The container is quickly cooled to 25 degrees, diluted yeast is poured in, a water trap is installed and transferred to a dark cool room. The fermentation time lasts 15 days, the mixture is stirred daily with a hand or stick. Then double distillation is carried out, in which the yield of the finished product will be 4-5 liters with a strength within 45 degrees.

The most important part is aging in an oak barrel or container with wooden stakes. It takes at least 6 months. Only in this case, the drink will acquire the necessary palette of taste and unforgettable aroma.

Video: How to make single malt whiskey Expand

Facts of interest about scotch

  1. The drink has the smallest range of recommended temperature for serving and is only 3 degrees between +18 and +20.
  2. Once corked it can be stored for a century without loss of quality.
  3. Churchill was a great connoisseur of whiskey and even during the economic downturn he did not allow barley cultivation to decrease.
  4. The dispute between Ireland and Scotland over which of them discovered the recipe for whiskey is still going on.
  5. Whiskey translates as "living water", the name given to it by the monks who made it.

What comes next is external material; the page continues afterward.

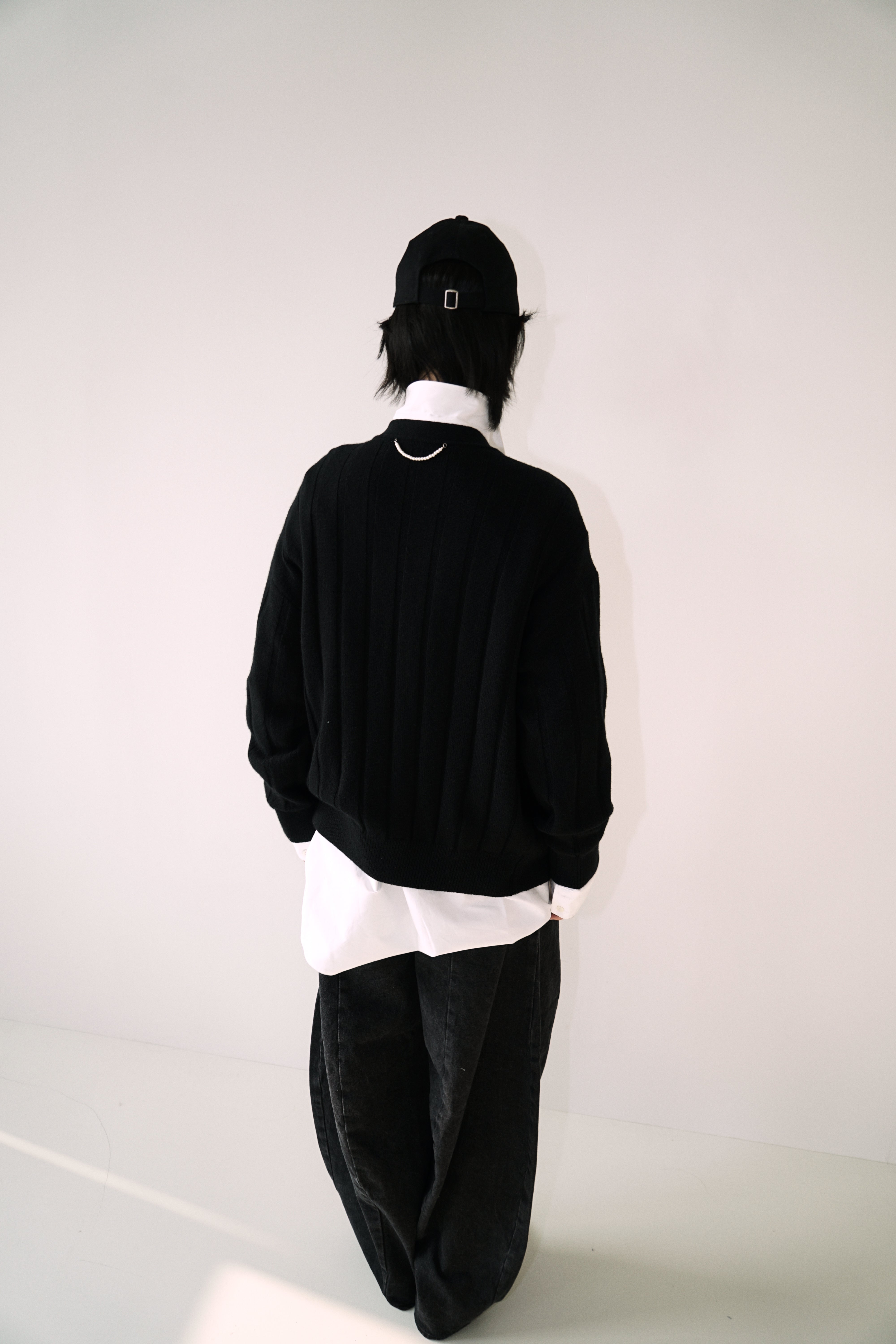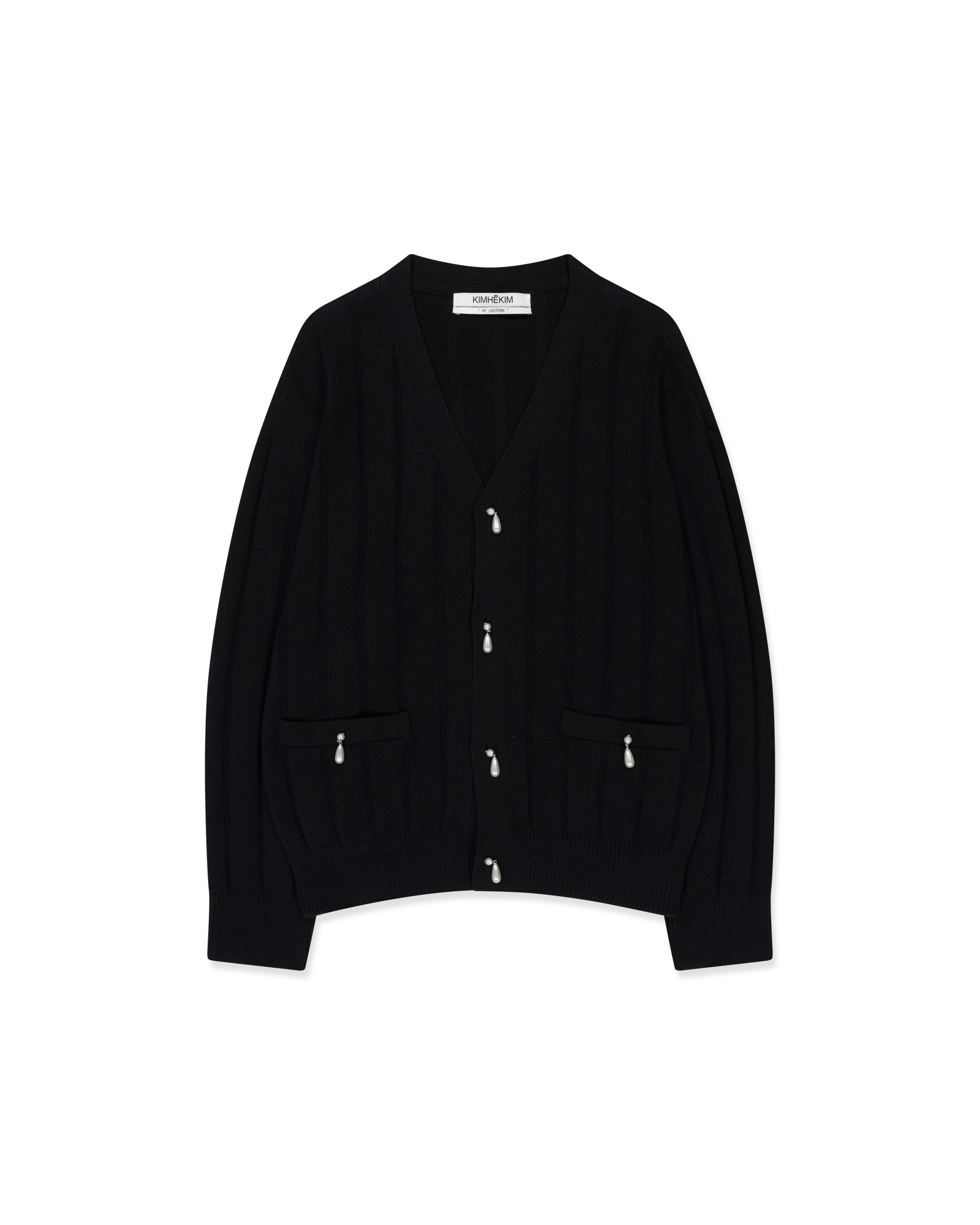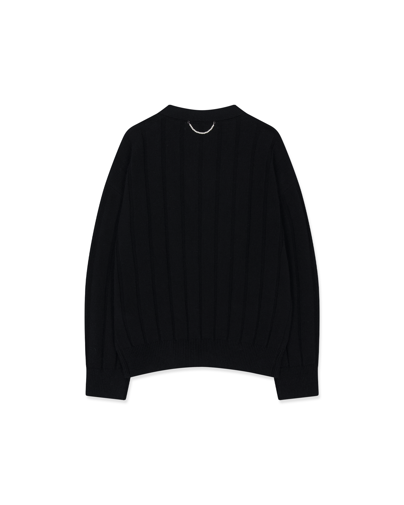 Pearl Embellished V-Neck Cardigan (Black)

It is believed that some 5,000 varieties of the drink have been developed and produced, if you count the most minor changes in the recipe. Connoisseurs say that whiskey cannot stand mixing with other kinds of alcohol and there is definitely some truth in it. And most importantly, this drink does not tolerate fuss and consumption on the run. It requires an appropriate environment and only then reveals the depth of taste and the magic of flavor.

«Important: All information on this site is provided solely for introductory for informational purposes only. Before applying any recommendations, consult a health care professional. specialist. Neither the editors nor the authors shall be held liable for any possible harm caused by materials."